REQUIRED WORK. Exactly the lines from the start of the data below through the line that contains "10月9日(木)なかよし学級" are to be copied, with pictures left out.
↓
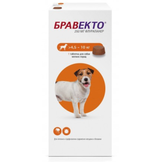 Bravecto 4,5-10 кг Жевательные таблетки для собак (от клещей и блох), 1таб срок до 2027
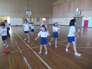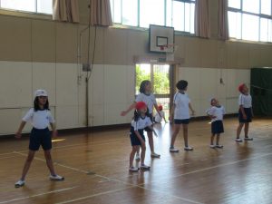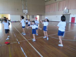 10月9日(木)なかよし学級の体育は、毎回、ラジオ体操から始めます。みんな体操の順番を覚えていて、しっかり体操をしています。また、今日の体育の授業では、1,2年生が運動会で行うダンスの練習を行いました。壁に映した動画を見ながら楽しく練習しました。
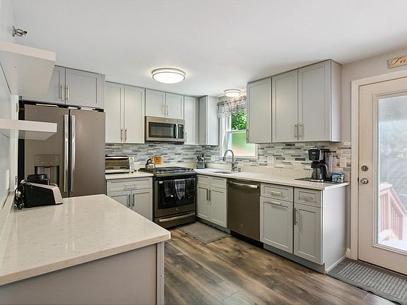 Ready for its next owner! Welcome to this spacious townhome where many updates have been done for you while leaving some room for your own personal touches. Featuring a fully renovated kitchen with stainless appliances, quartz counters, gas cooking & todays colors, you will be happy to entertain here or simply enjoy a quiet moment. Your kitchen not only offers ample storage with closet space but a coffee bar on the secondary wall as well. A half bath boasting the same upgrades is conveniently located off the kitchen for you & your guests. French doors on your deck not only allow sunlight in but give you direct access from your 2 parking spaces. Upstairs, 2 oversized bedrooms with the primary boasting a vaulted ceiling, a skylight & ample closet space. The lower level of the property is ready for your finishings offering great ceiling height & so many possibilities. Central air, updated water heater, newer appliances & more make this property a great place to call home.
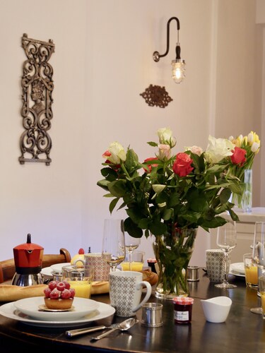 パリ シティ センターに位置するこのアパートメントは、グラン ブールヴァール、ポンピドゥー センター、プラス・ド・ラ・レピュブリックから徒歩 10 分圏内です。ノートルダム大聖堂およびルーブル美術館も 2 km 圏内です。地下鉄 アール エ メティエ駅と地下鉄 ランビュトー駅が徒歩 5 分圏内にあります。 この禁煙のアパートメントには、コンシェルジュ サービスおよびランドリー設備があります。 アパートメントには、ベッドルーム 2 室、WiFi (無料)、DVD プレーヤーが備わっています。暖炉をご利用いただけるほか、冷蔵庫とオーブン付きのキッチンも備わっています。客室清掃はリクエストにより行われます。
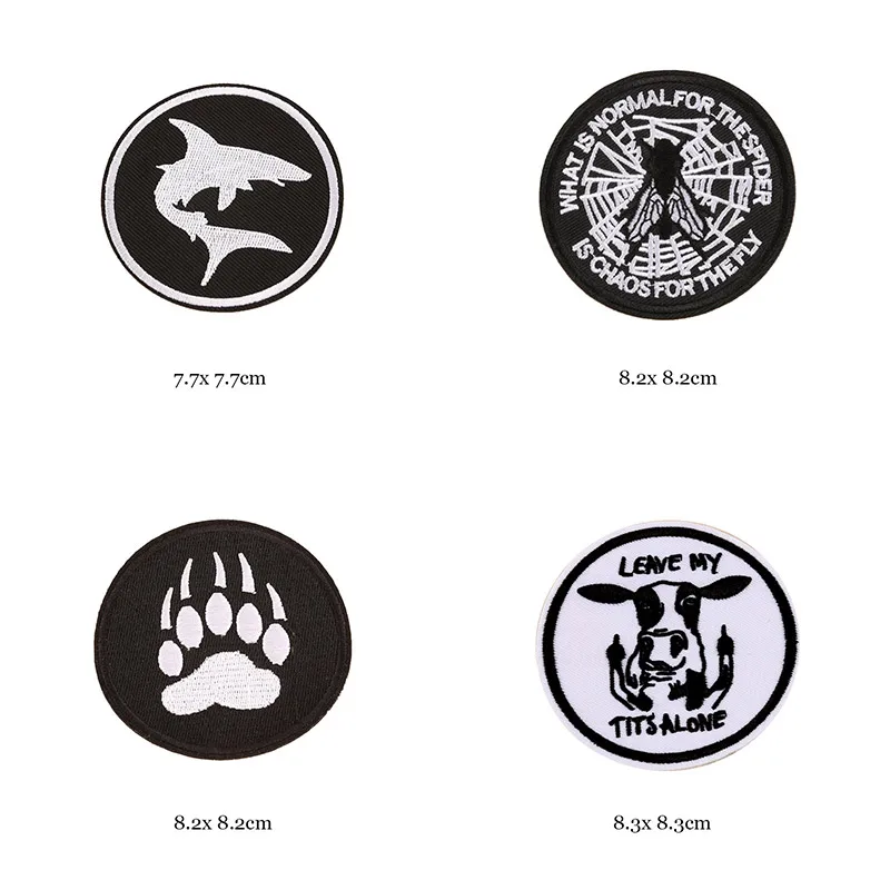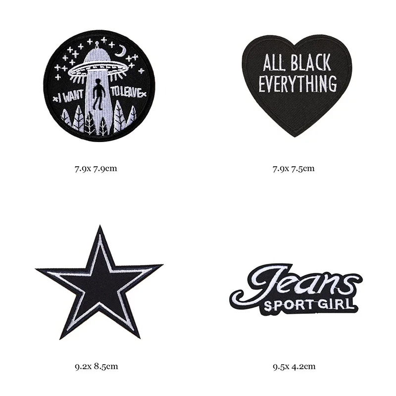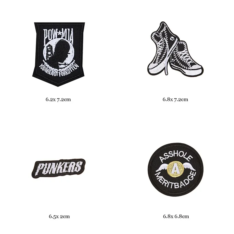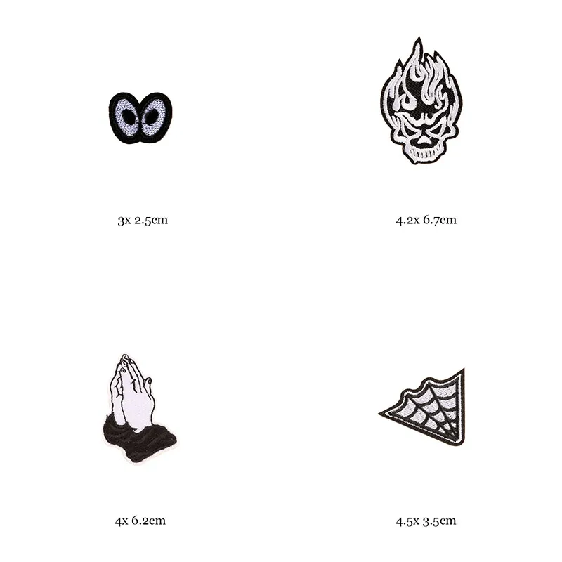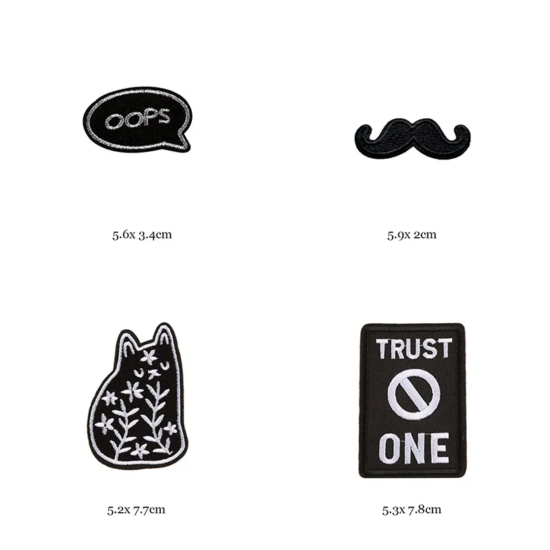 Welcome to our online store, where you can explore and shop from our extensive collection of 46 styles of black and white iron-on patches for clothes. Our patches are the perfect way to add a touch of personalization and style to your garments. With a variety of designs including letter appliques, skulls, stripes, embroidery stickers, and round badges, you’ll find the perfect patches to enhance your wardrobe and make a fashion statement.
↑
RESPONSE TO THE TASK.
 Bravecto 4,5-10 кг Жевательные таблетки для собак (от клещей и блох), 1таб срок до 2027
 10月9日(木)なかよし学級の体育は、毎回、ラジオ体操から始めます。みんな体操の順番を覚えていて、しっかり体操をしています。また、今日の体育の授業では、1,2年生が運動会で行うダンスの練習を行いました。壁に映した動画を見ながら楽しく練習しました。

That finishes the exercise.